_Task item_
With the pictures left out, print exactly the lines below that run from the one containing "INNOVATIONS 423-1W-PN-G423-7SM Pilaster" through the one containing "Гвоздики, Кустовые розы, Лизиантусы, Пионовидные".

_Dataset entries_
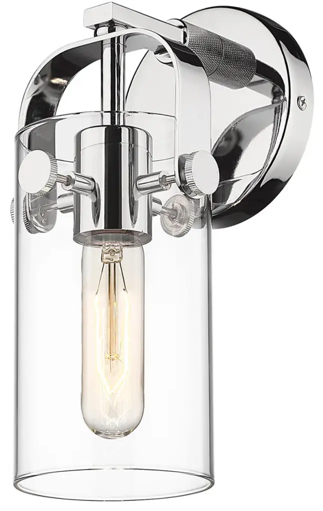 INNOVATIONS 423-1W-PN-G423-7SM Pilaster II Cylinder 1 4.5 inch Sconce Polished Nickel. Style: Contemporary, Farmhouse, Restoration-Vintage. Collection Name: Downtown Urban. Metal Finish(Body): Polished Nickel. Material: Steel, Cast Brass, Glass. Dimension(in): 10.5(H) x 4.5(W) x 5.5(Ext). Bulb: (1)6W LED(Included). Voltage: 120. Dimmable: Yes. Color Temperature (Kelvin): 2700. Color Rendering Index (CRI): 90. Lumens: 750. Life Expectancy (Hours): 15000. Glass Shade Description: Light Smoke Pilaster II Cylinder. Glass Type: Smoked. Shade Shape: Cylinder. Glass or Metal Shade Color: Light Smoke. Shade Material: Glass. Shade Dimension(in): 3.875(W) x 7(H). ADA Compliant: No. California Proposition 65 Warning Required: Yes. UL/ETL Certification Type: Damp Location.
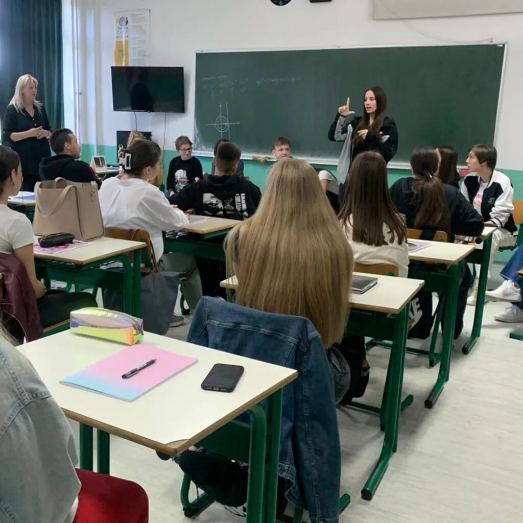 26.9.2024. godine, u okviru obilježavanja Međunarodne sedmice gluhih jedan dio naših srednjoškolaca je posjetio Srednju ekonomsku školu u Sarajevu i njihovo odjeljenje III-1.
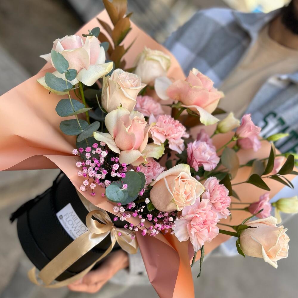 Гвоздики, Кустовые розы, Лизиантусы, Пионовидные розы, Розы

...

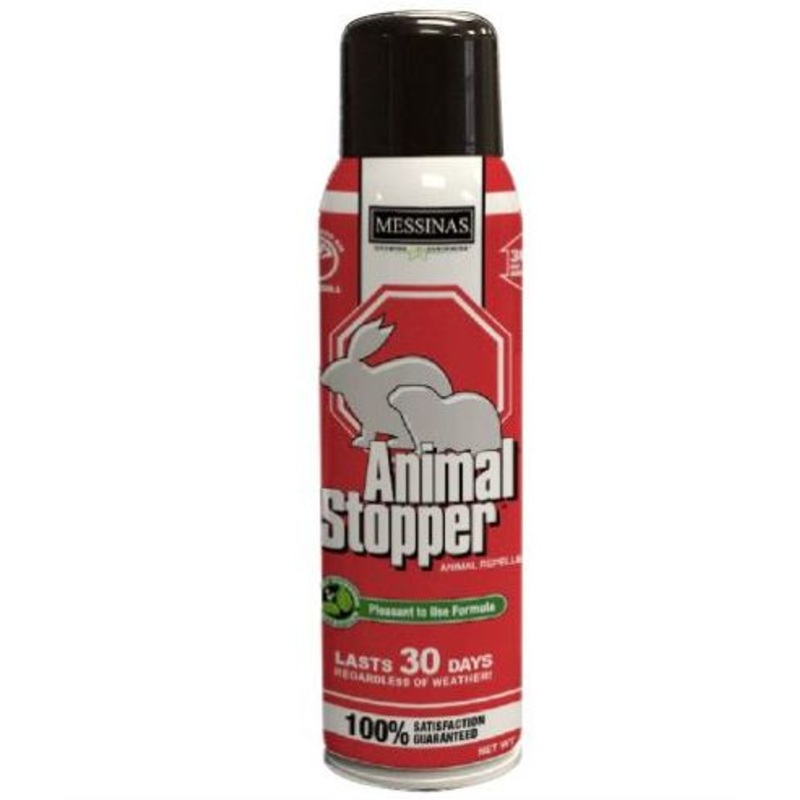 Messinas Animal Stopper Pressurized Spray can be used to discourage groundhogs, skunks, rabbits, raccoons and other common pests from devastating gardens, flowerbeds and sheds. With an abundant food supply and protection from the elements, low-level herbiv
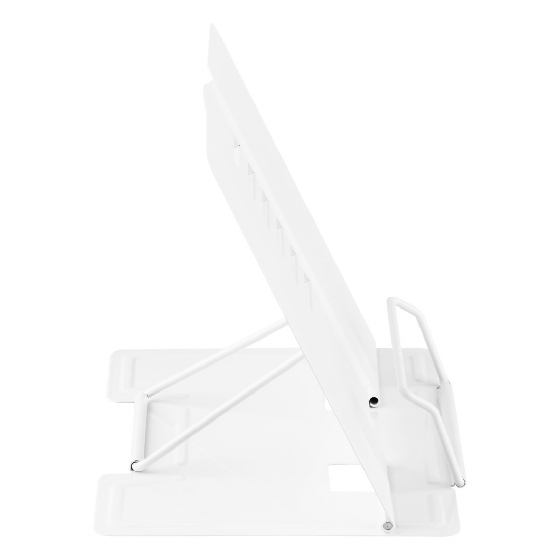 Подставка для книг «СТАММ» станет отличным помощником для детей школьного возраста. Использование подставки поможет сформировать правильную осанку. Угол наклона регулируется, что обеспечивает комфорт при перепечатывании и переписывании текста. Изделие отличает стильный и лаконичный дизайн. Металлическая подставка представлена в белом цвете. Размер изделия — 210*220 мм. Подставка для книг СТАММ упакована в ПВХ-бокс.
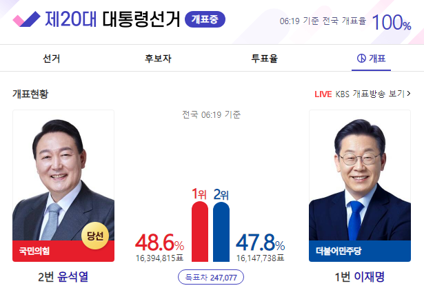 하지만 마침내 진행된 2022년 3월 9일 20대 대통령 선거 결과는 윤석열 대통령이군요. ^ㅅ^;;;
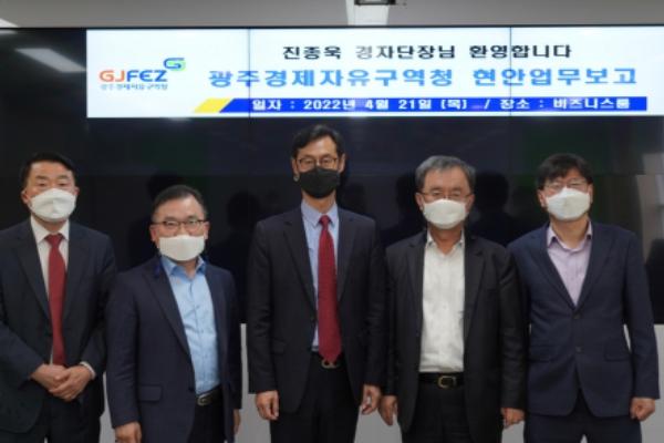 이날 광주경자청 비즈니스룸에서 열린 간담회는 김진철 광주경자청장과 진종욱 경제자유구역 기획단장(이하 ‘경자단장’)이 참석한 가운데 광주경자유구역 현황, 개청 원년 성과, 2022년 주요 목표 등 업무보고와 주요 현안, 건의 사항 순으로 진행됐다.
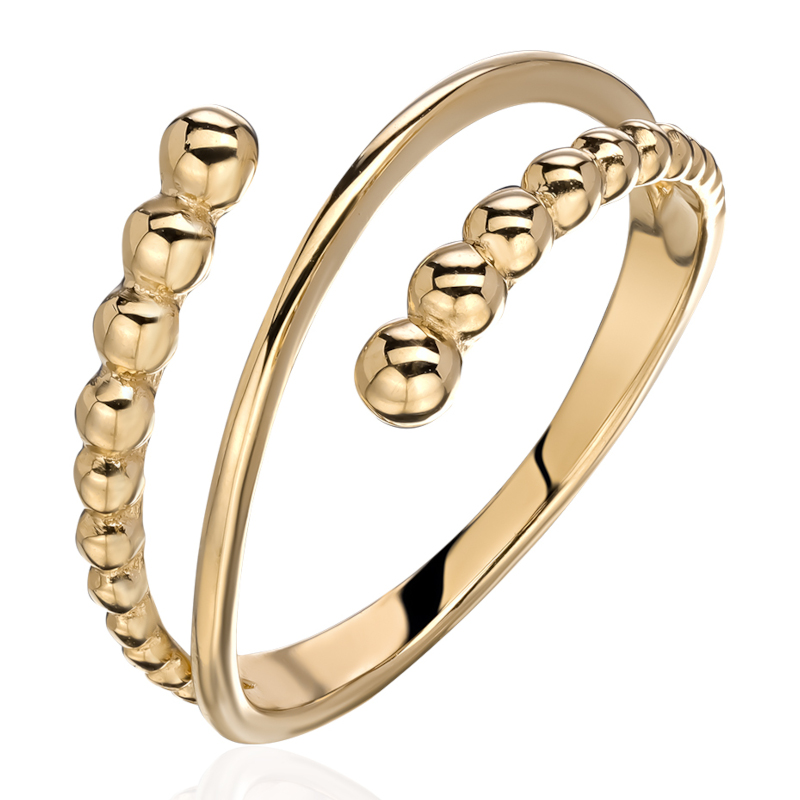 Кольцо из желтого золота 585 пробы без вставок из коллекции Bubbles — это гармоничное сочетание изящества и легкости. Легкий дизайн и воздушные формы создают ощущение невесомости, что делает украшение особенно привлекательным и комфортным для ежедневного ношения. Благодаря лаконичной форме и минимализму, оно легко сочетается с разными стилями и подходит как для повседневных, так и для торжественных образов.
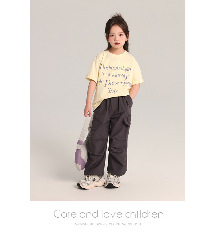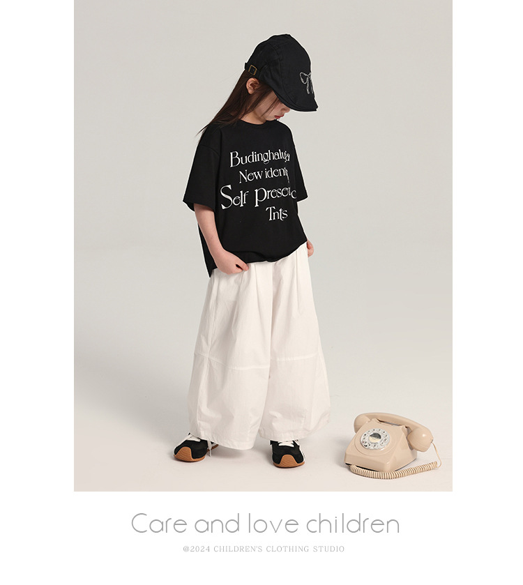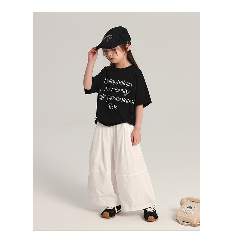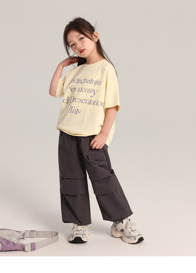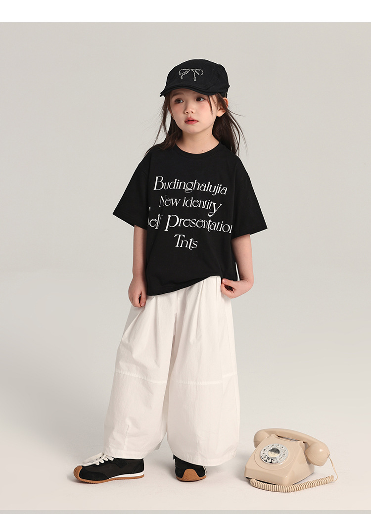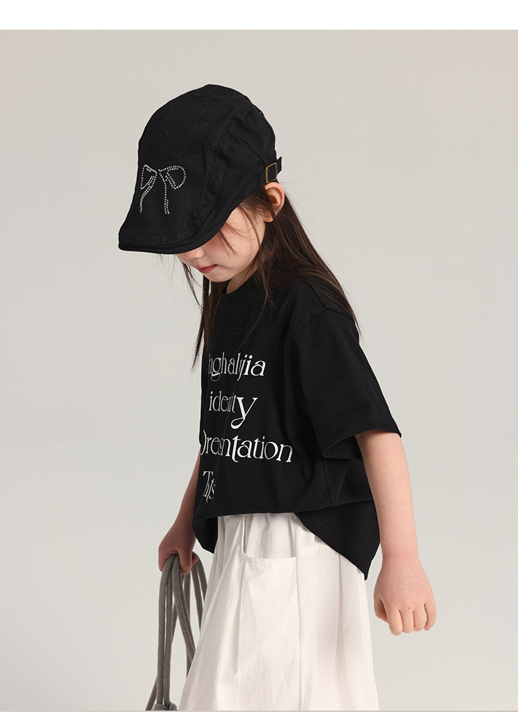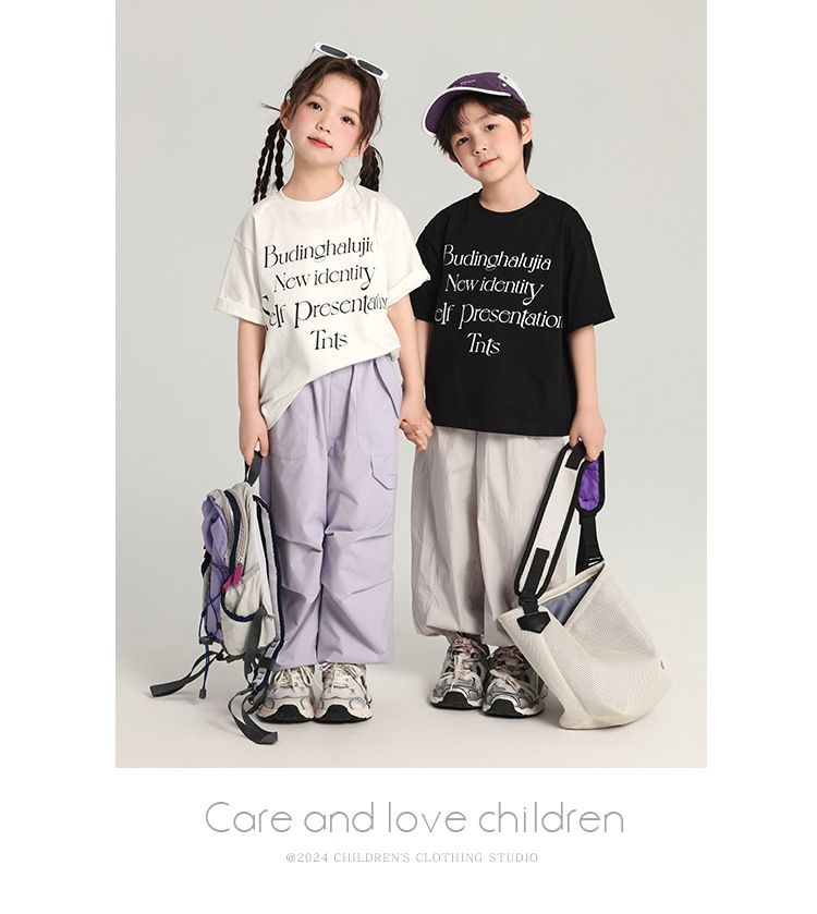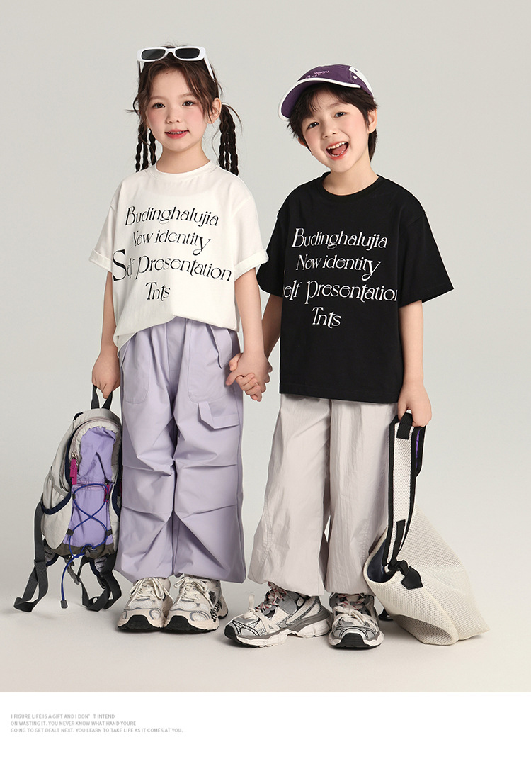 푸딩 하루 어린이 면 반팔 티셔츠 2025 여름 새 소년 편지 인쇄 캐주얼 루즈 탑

_Task response_
 INNOVATIONS 423-1W-PN-G423-7SM Pilaster II Cylinder 1 4.5 inch Sconce Polished Nickel. Style: Contemporary, Farmhouse, Restoration-Vintage. Collection Name: Downtown Urban. Metal Finish(Body): Polished Nickel. Material: Steel, Cast Brass, Glass. Dimension(in): 10.5(H) x 4.5(W) x 5.5(Ext). Bulb: (1)6W LED(Included). Voltage: 120. Dimmable: Yes. Color Temperature (Kelvin): 2700. Color Rendering Index (CRI): 90. Lumens: 750. Life Expectancy (Hours): 15000. Glass Shade Description: Light Smoke Pilaster II Cylinder. Glass Type: Smoked. Shade Shape: Cylinder. Glass or Metal Shade Color: Light Smoke. Shade Material: Glass. Shade Dimension(in): 3.875(W) x 7(H). ADA Compliant: No. California Proposition 65 Warning Required: Yes. UL/ETL Certification Type: Damp Location.
 26.9.2024. godine, u okviru obilježavanja Međunarodne sedmice gluhih jedan dio naših srednjoškolaca je posjetio Srednju ekonomsku školu u Sarajevu i njihovo odjeljenje III-1.
 Гвоздики, Кустовые розы, Лизиантусы, Пионовидные розы, Розы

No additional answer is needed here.